TASK DIRECTIONS
The whole listing below should be printed again exactly, with no images.

INFORMATION PROVIDED
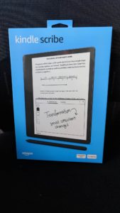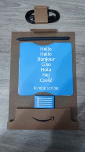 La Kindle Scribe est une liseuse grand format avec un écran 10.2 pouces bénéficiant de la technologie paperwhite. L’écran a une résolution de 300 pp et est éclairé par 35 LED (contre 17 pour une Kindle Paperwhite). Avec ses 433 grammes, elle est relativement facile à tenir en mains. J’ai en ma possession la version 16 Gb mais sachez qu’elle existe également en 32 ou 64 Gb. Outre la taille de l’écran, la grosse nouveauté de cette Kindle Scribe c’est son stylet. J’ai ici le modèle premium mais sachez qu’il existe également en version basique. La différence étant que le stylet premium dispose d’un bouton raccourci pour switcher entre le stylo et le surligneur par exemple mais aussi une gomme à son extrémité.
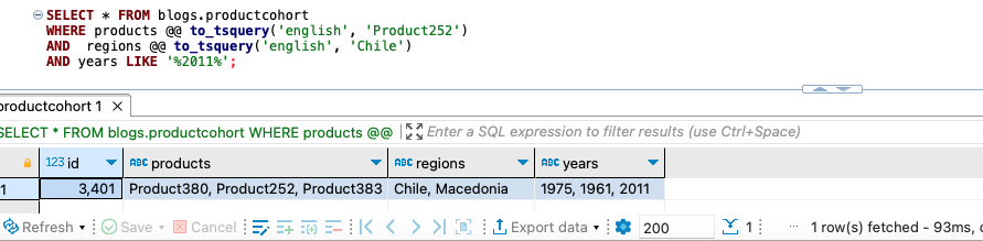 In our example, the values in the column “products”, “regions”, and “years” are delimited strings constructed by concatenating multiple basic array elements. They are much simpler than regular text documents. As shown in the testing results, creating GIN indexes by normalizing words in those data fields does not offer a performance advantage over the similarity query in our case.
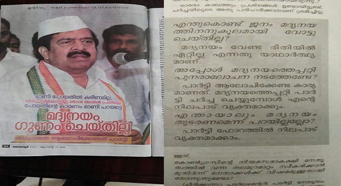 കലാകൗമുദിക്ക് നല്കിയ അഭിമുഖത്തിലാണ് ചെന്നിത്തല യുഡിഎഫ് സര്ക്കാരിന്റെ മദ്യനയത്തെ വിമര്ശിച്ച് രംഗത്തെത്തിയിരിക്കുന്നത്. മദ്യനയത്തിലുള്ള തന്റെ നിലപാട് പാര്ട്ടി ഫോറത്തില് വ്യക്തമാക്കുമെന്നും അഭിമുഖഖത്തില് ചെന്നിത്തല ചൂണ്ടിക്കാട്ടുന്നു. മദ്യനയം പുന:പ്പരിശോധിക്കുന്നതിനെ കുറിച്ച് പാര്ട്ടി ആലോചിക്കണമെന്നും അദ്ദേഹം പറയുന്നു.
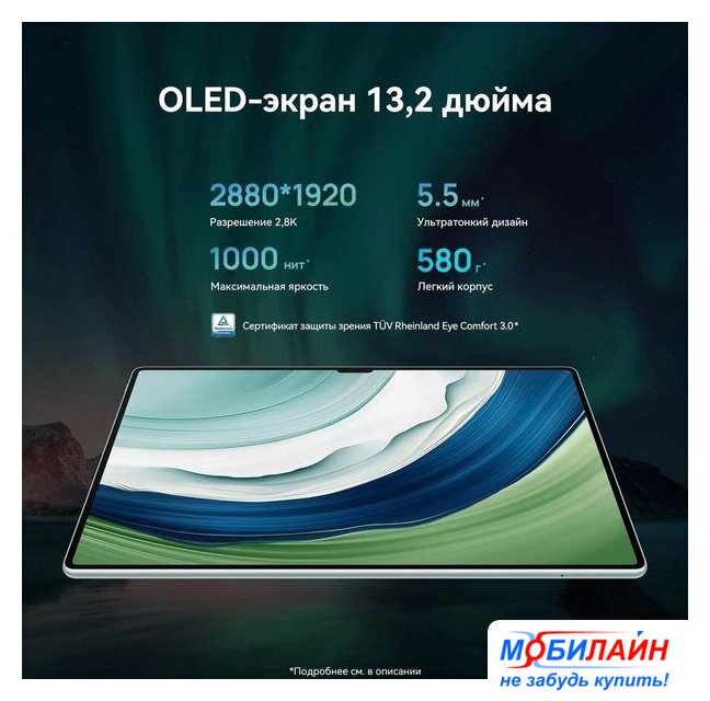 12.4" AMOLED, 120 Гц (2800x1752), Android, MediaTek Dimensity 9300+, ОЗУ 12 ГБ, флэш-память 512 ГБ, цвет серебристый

FINISHED EXERCISE
 La Kindle Scribe est une liseuse grand format avec un écran 10.2 pouces bénéficiant de la technologie paperwhite. L’écran a une résolution de 300 pp et est éclairé par 35 LED (contre 17 pour une Kindle Paperwhite). Avec ses 433 grammes, elle est relativement facile à tenir en mains. J’ai en ma possession la version 16 Gb mais sachez qu’elle existe également en 32 ou 64 Gb. Outre la taille de l’écran, la grosse nouveauté de cette Kindle Scribe c’est son stylet. J’ai ici le modèle premium mais sachez qu’il existe également en version basique. La différence étant que le stylet premium dispose d’un bouton raccourci pour switcher entre le stylo et le surligneur par exemple mais aussi une gomme à son extrémité.
 In our example, the values in the column “products”, “regions”, and “years” are delimited strings constructed by concatenating multiple basic array elements. They are much simpler than regular text documents. As shown in the testing results, creating GIN indexes by normalizing words in those data fields does not offer a performance advantage over the similarity query in our case.
 കലാകൗമുദിക്ക് നല്കിയ അഭിമുഖത്തിലാണ് ചെന്നിത്തല യുഡിഎഫ് സര്ക്കാരിന്റെ മദ്യനയത്തെ വിമര്ശിച്ച് രംഗത്തെത്തിയിരിക്കുന്നത്. മദ്യനയത്തിലുള്ള തന്റെ നിലപാട് പാര്ട്ടി ഫോറത്തില് വ്യക്തമാക്കുമെന്നും അഭിമുഖഖത്തില് ചെന്നിത്തല ചൂണ്ടിക്കാട്ടുന്നു. മദ്യനയം പുന:പ്പരിശോധിക്കുന്നതിനെ കുറിച്ച് പാര്ട്ടി ആലോചിക്കണമെന്നും അദ്ദേഹം പറയുന്നു.
 12.4" AMOLED, 120 Гц (2800x1752), Android, MediaTek Dimensity 9300+, ОЗУ 12 ГБ, флэш-память 512 ГБ, цвет серебристый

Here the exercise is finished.